Avviso 8, enti impreparati e difficoltà per la progettazione - QdS

Avviso 8, enti impreparati e difficoltà per la progettazione

Michele Giuliano

Avviso 8, enti impreparati e difficoltà per la progettazione

sabato 17 Ottobre 2020 - 00:00
Avviso 8, enti impreparati e difficoltà per la progettazione

Sono passati 6 anni da quel bando e ora ci sono problemi nell’attuazione degli adempimenti. Chiesta e accettata una proroga dalla Regione, si dilatano i tempi per la partenza dei corsi

PALERMO – I tempi per l’avvio dell’avviso 8/2016 si allungano ancora. Dopo la pubblicazione della graduatoria definitiva lo scorso agosto, sono state avviate le procedure per la presentazione, da parte degli enti in posizione utile in elenco, della progettazione esecutiva, che spiega in maniera dettagliata tutto ciò che riguarda lo svolgimento delle attività, dall’elenco dei docenti, al calendario didattico per singolo corso, gli allievi, il personale utilizzato e il materiale necessario, il tutto corredato dal piano economico-finanziario.

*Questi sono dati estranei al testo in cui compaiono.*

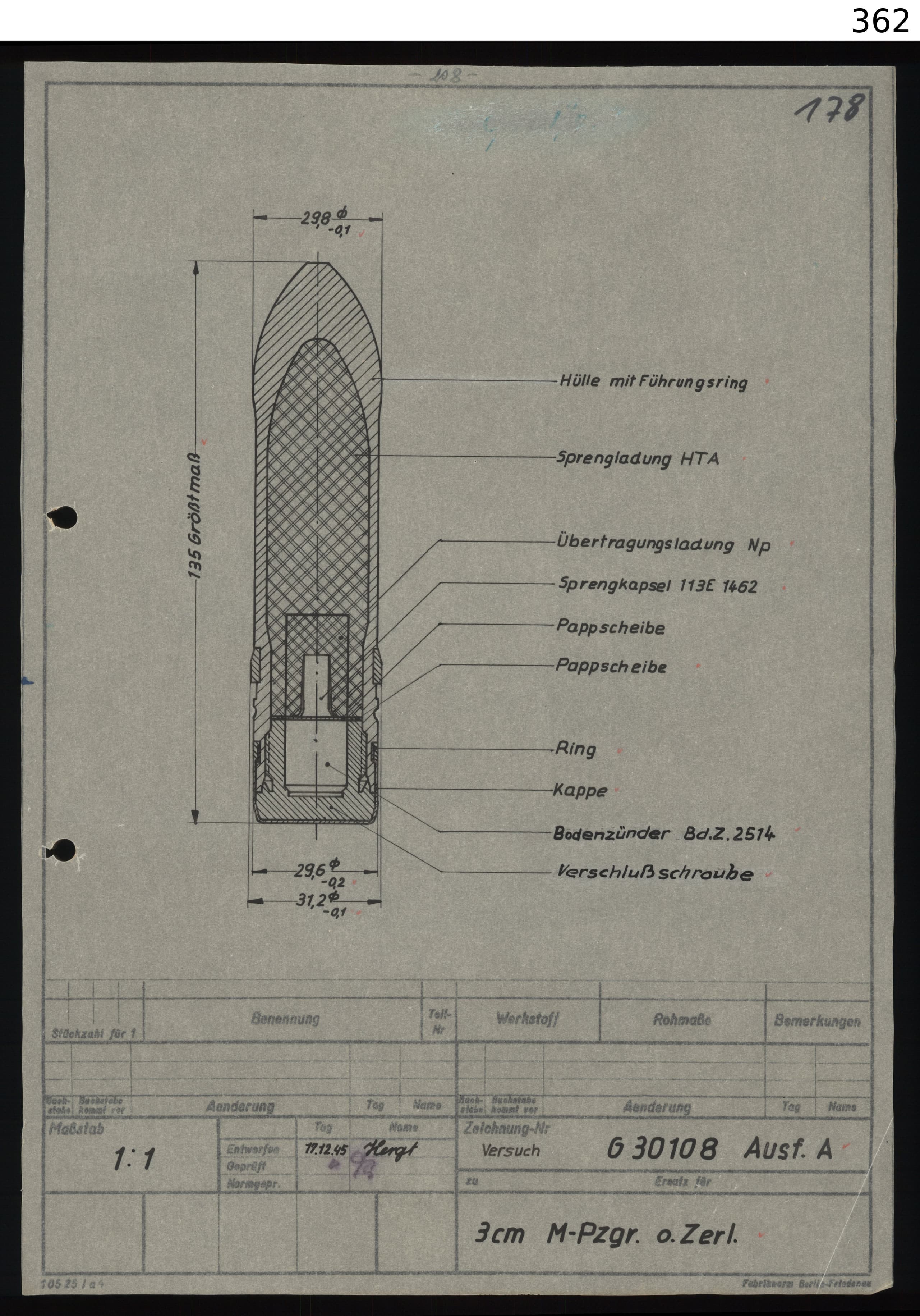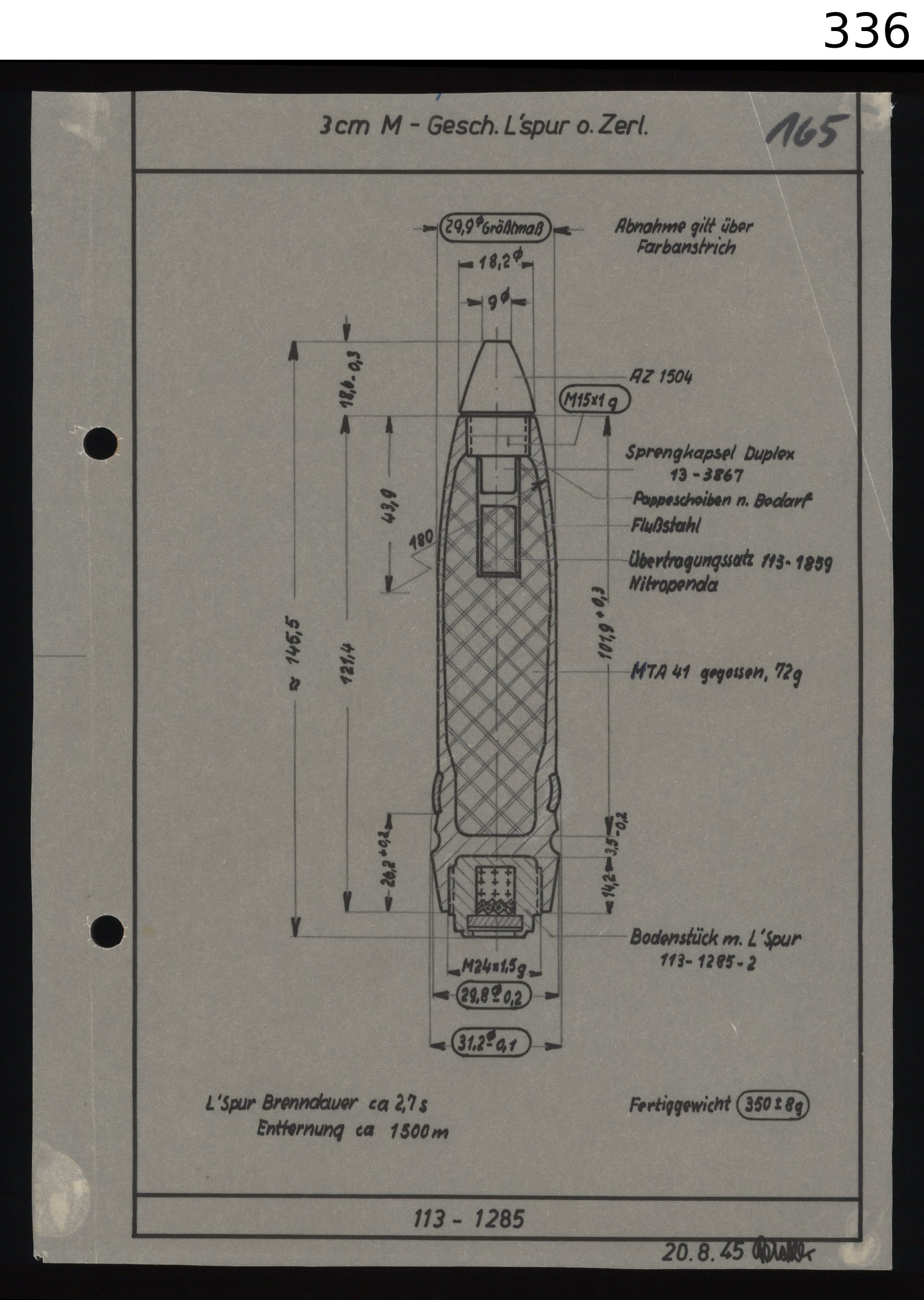 Brgr. o.L'Spur o.Zerl (I) 0,33kg 900m/s 140g Incendary mix & 0,6g Pent (1,02g)
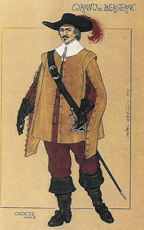 EL PERSONAJE. Edmond Rostand (1868-1918) ideó esta pieza a partir de un personaje real, Savinien Cyrano de Bergerac, un caballero francés nacido en el Perigord, en 1619, que tenÃa un carácter muy fuerte y una enorme nariz. Fue militar pero en 1642 se dedicó a estudiar Ciencia y Literatura en ParÃs. Escribió tragedias y comedias y dos libros de ciencia ficción. Fue un hombre orgulloso, librepensador y amigo de duelos. En él se inspira Cyrano de Bergerac, que fue estrenada por primera vez en 1897, en el teatro de la Porte-Saint-Martin de ParÃs.

Un mese il tempo concesso, 30 giorni dalla pubblicazione della graduatoria sulla Gazzetta Ufficiale della Regione Siciliana. La data ultima, almeno al momento, è stata fissata al prossimo 31 ottobre. Giorni che, a detta delle diverse associazioni datoriali che hanno scritto agli uffici regionali, sono troppo pochi per poter preparare tutto. E l’assessorato regionale all’Istruzione e alla Formazione professionale ha voluto concedere più tempo.

Come si legge nel decreto del direttore generale n. 489 emesso l’8 ottobre, “vista la nota con la quale le associazioni datoriali Anfop, Asef, Assofor, Cenfop, Deder terziario scuola e Formare, in considerazione dell’emergenza sanitaria Covid-19, hanno richiesto una proroga del termine previsto”, l’assessorato ha deciso di rispondere favorevolmente prorogando la scadenza al 31 ottobre prossimo. Si è tenuto conto, infatti, del lungo tempo intercorso tra la pubblicazione dell’Avviso 8/2016 e l’approvazione dell’ultima rimodulazione della graduatoria definitiva con conseguenti ed evidenti modifiche del contesto di riferimento, oltre che delle difficoltà legate al perdurare dell’emergenza sanitaria, che sta creando, ai soggetti utilmente collocati in graduatoria, notevoli difficoltà nell’attuazione degli adempimenti previsti per la presentazione della progettazione esecutiva.

Insomma, pochi altri giorni e poi l’attesa dei decreti di finanziamento, per poter passare veramente alla fase operativa, che presumibilmente sarà avviata nel 2021, ormai poco lontano. Quasi 5 anni, quindi, per un avviso che ha vissuto una storia travagliata, fatta di graduatorie, ricorsi, sentenze e nuove graduatorie da rivedere.

L’ultimo intervento, quello del Consiglio di Giustizia Amministrativa, dopo gli ennesimi ritardi degli uffici regionali che nell’emissione della graduatoria definitiva. Il Cga ha accolto il ricorso presentato dall’Eap Fedearcom e, per risolvere il problema in tempi celeri, è stato quindi nominato quale commissario ad acta il segretario generale della Regione Siciliana Maria Mattarella per velocizzare la procedura e poter finalmente rendere operativo l’avviso, in attesa ormai da ben 4 anni.

Un ulteriore passaggio che i lavoratori e gli enti della formazione professionale volevano sicuramente evitarsi, vista la condizione al momento drammatica, tra emergenza sanitaria, che ha rallentato ulteriormente i tempi già lenti dell’assessorato nell’emissione dei decreti di finanziamento per le attività relative all’avviso 2, il rinnovo dell’albo, che ha visto un numero consistente di lavoratori rimanere fuori dall’elenco degli operatori, e un futuro incerto per il quale non è data alcuna programmazione né a breve né a lungo termine.

L’avviso 8 potrebbe essere una piccola boccata d’aria, con 136 milioni di euro da spendere, e una graduatoria, che, dopo la revisione imposta dal Cga, dovrebbe permettere a molti enti storici di rientrare, grazie ai criteri ‘A1’ e ‘A2’, relativi all’esperienza nel settore dell’ente di formazione e del personale coinvolto nel progetto, che in una prima fase erano stati trattati in maniera tale che anche enti senza alcuna esperienza potessero guadagnare punti sulla base di una “promessa” di assunzione di personale con una certa anzianità.